Question

The distance of the closest approach when a $5.0\text{MeV}$ proton approaches a gold nucleus is $(Z=79)$

• A. $47\text{fermi}$
• B. $39\text{fermi}$
• C. $23\text{fermi}$
• D. $16\text{fermi}$

Answer 1

The correct option is C $23\text{fermi}$

By conservation of energy,

$K.E$ of the proton = Electrostatic $P.E$ of proton and target nucleus at closest distance.
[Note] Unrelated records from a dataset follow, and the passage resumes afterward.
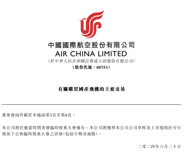 6月20日消息,中国国航今天发布公告,称公司与中国商飞签订协议,计划购置100架C919飞机(增程型),总价约108亿美元(约合784亿人民币)。
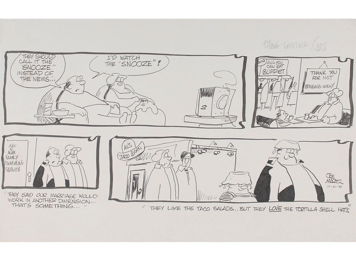 Four original hand-inked single-panel Willy ’N Ethel comics on a 22 x 14 off-white sheet of artist’s cardstock. The last panel is signed in black ink, “Joe Martin, 10-31-99,” and signed and inscribed again in pencil in the upper border, “To Frank—Good luck—Joe.” In fine condition.
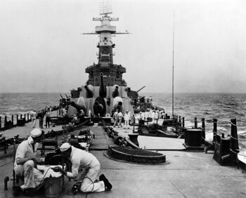 Файл:USS Washinghton 11.jpg Линкор USS Washinghton на верфи ВМС в Филадельфии, 29 мая 1941 г. Отсутствуют антенны РЛС.
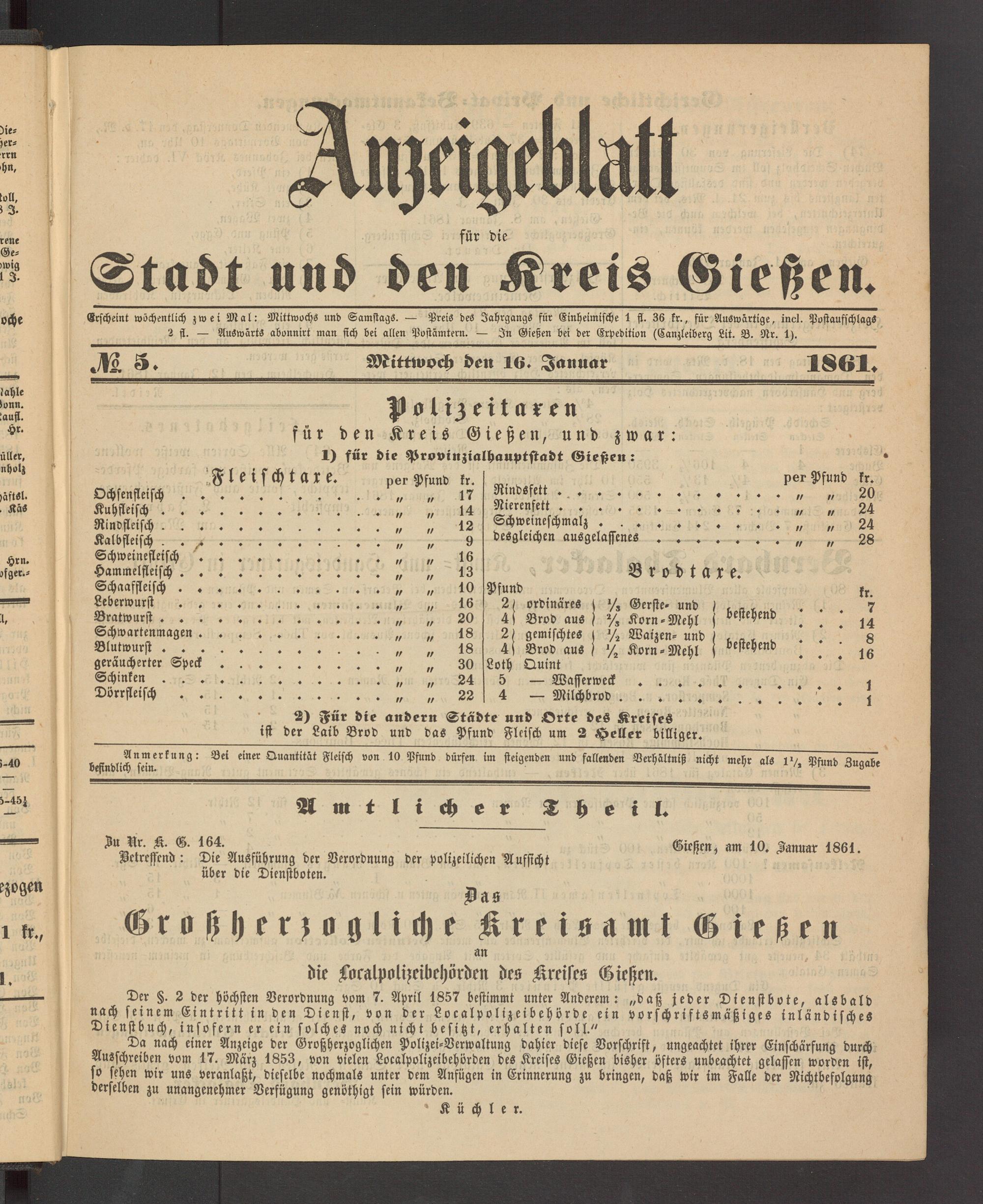 Anzeigeblatt für die Provinzialhauptstadt Gießen. 1840-1867

$\Rightarrow K.E=\frac{1}{4\pi {\epsilon }_0}\frac{\left(Ze\right)\left(e\right)}{r}$

$\Rightarrow r=\frac{1}{4\pi {\epsilon }_0}\frac{Z{e}^2}{K.E}---\left(1\right)$

Given that,
$K.E=5.0\text{MeV}=5\times 1.6\times {10}^{-13}\text{J}$, $Z=79$

We know that,

$e=1.6\times {10}^{-19}\text{C};\frac{1}{4\pi {\epsilon }_0}=9\times {10}^9$

Substituting the above values in equation $\left(1\right)$, we get,

$r=\frac{9\times {10}^9\times 79\times (1.6\times {10}^{-19}{)}^2}{5\times 1.6\times {10}^{-13}}$

$r=\frac{9\times 79\times 1.6\times {10}^{-38}\times {10}^{22}}{5}$

$r=227.52\times {10}^{-16}\text{m}$

$\Rightarrow r\approx 23\times {10}^{-15}m$

So, The distance of the closest approach,

$r=23\text{fm}$

Hence, option $\left(C\right)$ is correct.